Problem to work on => Only the lines from the line that contains "STEP3お電話がつながりま" through the final line of the entries below belong in your answer, copied exactly and without pictures.
BEGIN
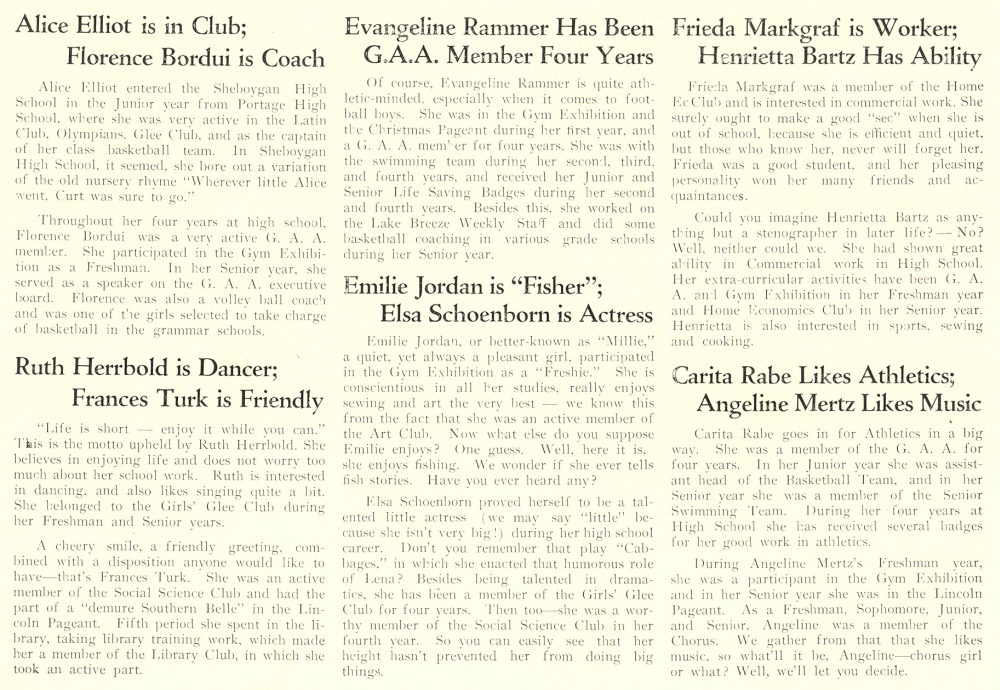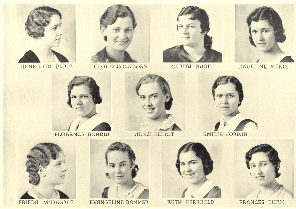 1933 Sheboygan High School, Pages 68 and 69: Henrietta Bartz, Elsa Schoenborn, Carita Rabe, Angeline Mertz, Florence Bordui, Alice Elliot, Emilie Jordan, Frieda Markgraf, Evangeline Rammer, Ruth Herrbold, Frances Turk.
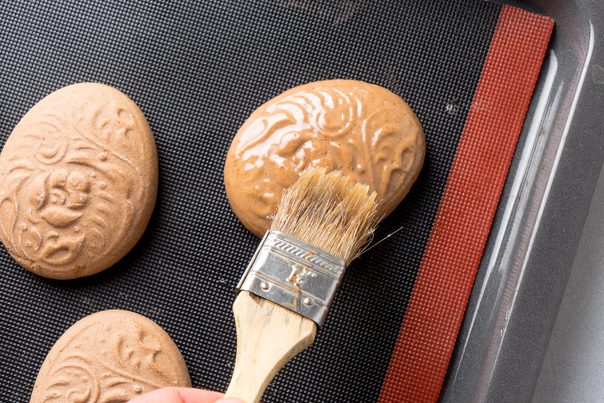 Как только снимете сироп с плиты, сразу же широкой кисточкой пройдитесь по пряникам. Слой должен быть очень тонким, поэтому спешите и не набирайте слишком много сиропа на кисточку.
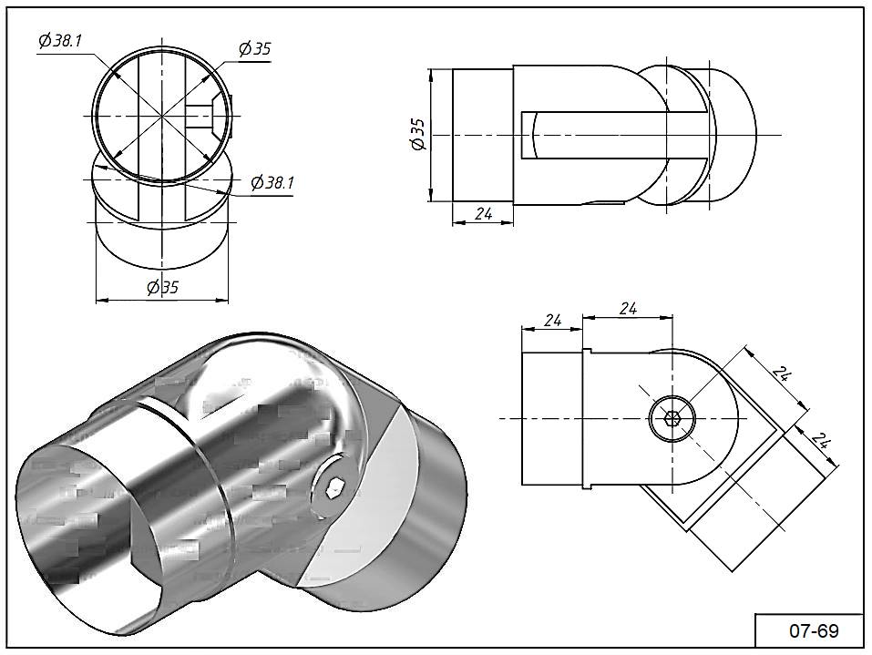 Фланец 07-69 внутренний шарнирный для трубы Ø 38.1 мм.
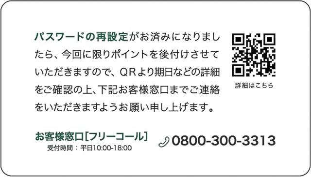 STEP3お電話がつながりましたら、「パスワード再設定によるポイント後付のご連絡」とお伝えください。
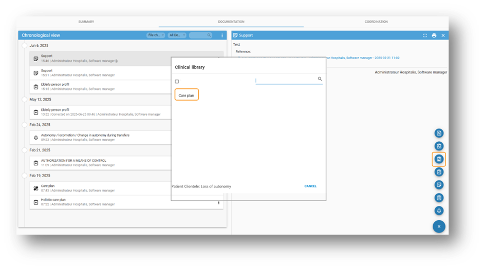 From the chronological view, click the care plan icon and select the plan from the library.
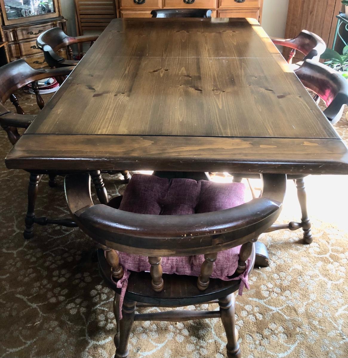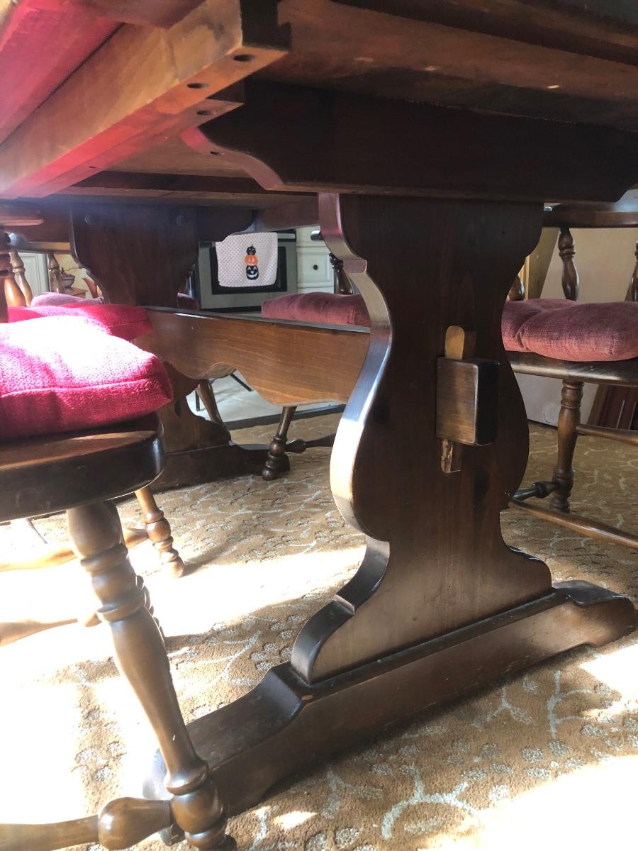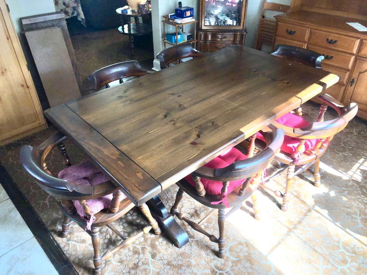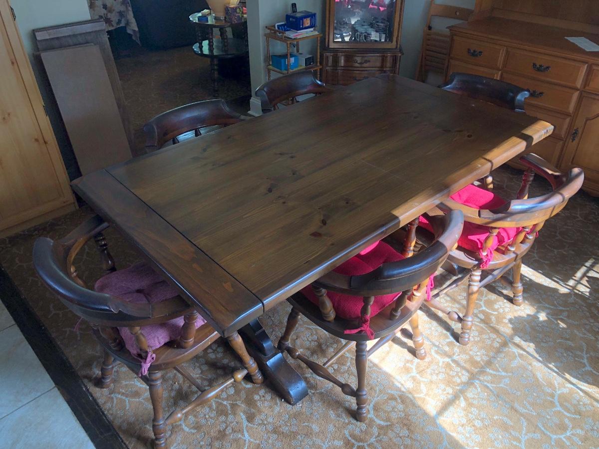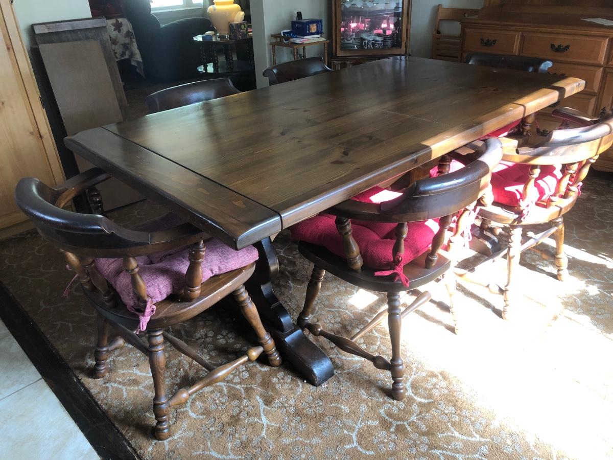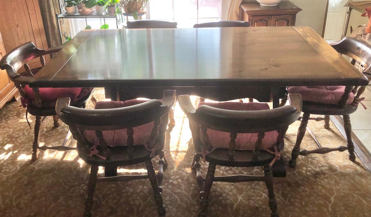 LOT 79D: Vintage 1967 Colonial Style Dining Table w/ 2 15" Leaves, Protective Pads & 6 Matching Chairs
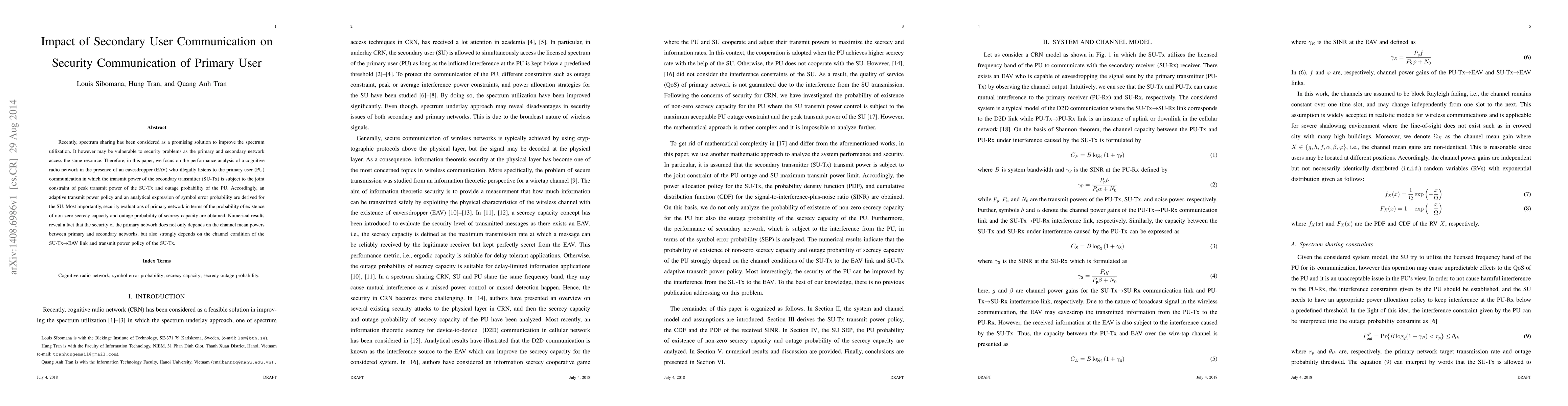 This paper analyzes how secondary user communication affects the security of primary user networks in spectrum sharing systems. It finds that the security depends not only on channel conditions but also on transmit power policies and the presence of an eavesdropper.
END
Answer below =>
 STEP3お電話がつながりましたら、「パスワード再設定によるポイント後付のご連絡」とお伝えください。
 From the chronological view, click the care plan icon and select the plan from the library.
 LOT 79D: Vintage 1967 Colonial Style Dining Table w/ 2 15" Leaves, Protective Pads & 6 Matching Chairs
 This paper analyzes how secondary user communication affects the security of primary user networks in spectrum sharing systems. It finds that the security depends not only on channel conditions but also on transmit power policies and the presence of an eavesdropper.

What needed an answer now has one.